> WHAT NEEDS TO BE DONE:
Copy verbatim the block of lines in the entries below whose first line contains "SpongeBob VR Bubble" and whose last line contains "A. Pandiangan, S.I.K.,M.H.". Leave out all other lines.

> RECORDED DATA:
[Start of section]

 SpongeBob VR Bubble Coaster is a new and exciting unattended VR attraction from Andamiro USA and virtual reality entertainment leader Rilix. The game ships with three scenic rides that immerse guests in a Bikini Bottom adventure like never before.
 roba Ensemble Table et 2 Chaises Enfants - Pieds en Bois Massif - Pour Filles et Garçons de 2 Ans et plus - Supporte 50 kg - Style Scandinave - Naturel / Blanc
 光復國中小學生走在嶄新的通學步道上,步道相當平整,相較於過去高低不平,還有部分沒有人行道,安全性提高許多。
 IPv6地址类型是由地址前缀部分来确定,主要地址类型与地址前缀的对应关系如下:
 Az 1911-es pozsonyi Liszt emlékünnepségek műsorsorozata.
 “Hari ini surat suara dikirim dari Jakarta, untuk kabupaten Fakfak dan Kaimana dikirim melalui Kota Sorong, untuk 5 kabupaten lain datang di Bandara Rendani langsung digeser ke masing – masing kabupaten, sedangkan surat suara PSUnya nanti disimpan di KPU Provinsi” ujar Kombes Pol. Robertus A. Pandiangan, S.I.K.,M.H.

[End of section]
[Start of section]

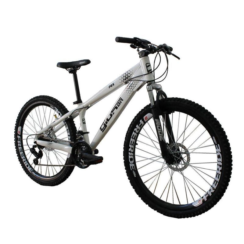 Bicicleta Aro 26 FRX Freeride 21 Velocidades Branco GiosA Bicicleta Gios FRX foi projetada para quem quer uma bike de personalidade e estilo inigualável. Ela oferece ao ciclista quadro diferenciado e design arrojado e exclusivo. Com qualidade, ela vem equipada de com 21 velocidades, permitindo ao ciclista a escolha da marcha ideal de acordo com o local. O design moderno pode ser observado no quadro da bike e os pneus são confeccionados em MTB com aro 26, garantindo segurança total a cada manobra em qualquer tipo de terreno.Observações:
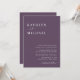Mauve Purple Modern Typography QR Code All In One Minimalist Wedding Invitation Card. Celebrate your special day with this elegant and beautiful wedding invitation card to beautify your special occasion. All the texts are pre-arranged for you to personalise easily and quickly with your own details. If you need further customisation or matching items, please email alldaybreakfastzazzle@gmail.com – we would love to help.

[End of section]
[Start of section]

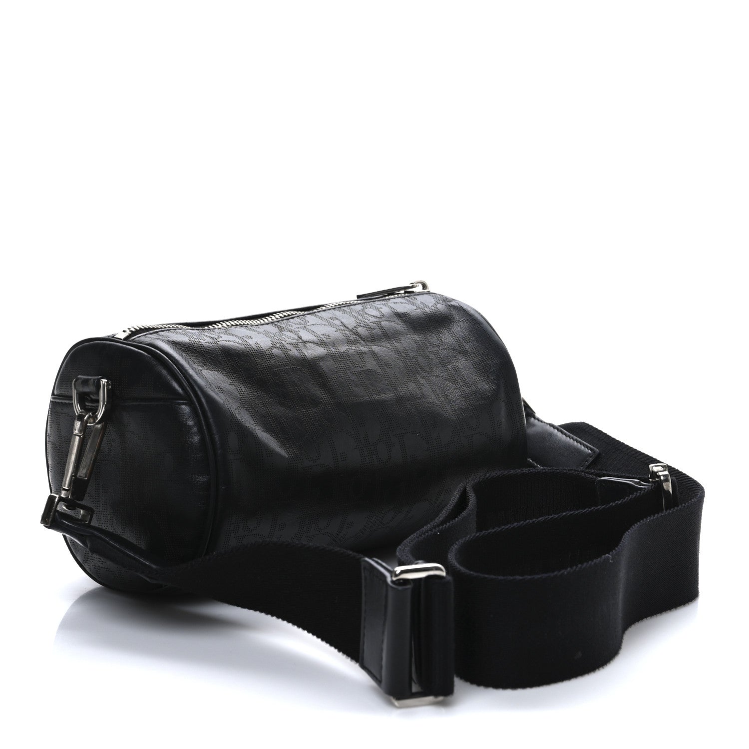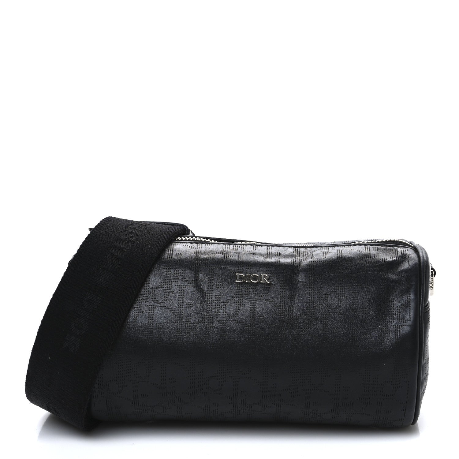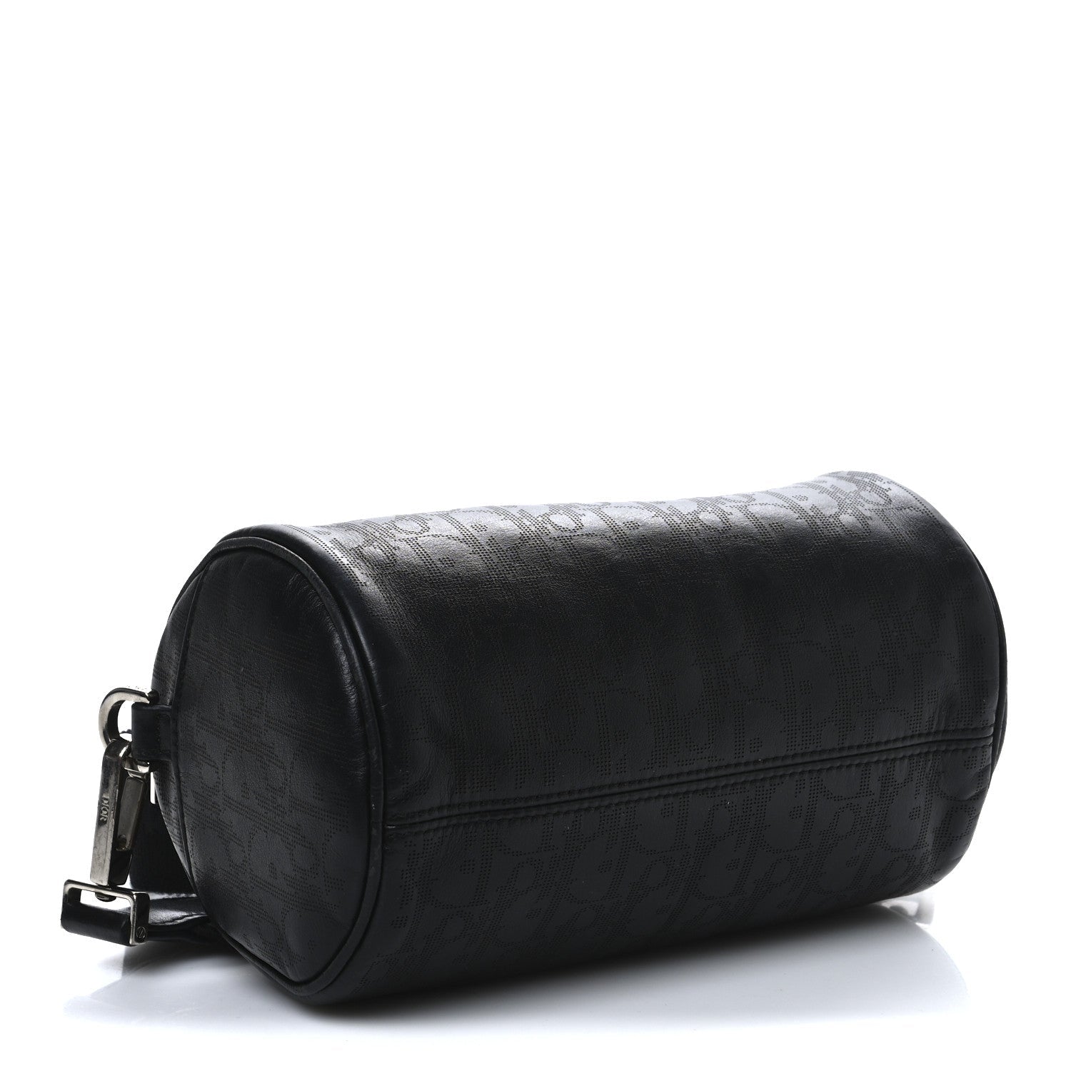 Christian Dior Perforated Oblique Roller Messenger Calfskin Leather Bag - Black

[End of section]

> ANSWER FOR THIS EXERCISE:
 SpongeBob VR Bubble Coaster is a new and exciting unattended VR attraction from Andamiro USA and virtual reality entertainment leader Rilix. The game ships with three scenic rides that immerse guests in a Bikini Bottom adventure like never before.
 roba Ensemble Table et 2 Chaises Enfants - Pieds en Bois Massif - Pour Filles et Garçons de 2 Ans et plus - Supporte 50 kg - Style Scandinave - Naturel / Blanc
 光復國中小學生走在嶄新的通學步道上,步道相當平整,相較於過去高低不平,還有部分沒有人行道,安全性提高許多。
 IPv6地址类型是由地址前缀部分来确定,主要地址类型与地址前缀的对应关系如下:
 Az 1911-es pozsonyi Liszt emlékünnepségek műsorsorozata.
 “Hari ini surat suara dikirim dari Jakarta, untuk kabupaten Fakfak dan Kaimana dikirim melalui Kota Sorong, untuk 5 kabupaten lain datang di Bandara Rendani langsung digeser ke masing – masing kabupaten, sedangkan surat suara PSUnya nanti disimpan di KPU Provinsi” ujar Kombes Pol. Robertus A. Pandiangan, S.I.K.,M.H.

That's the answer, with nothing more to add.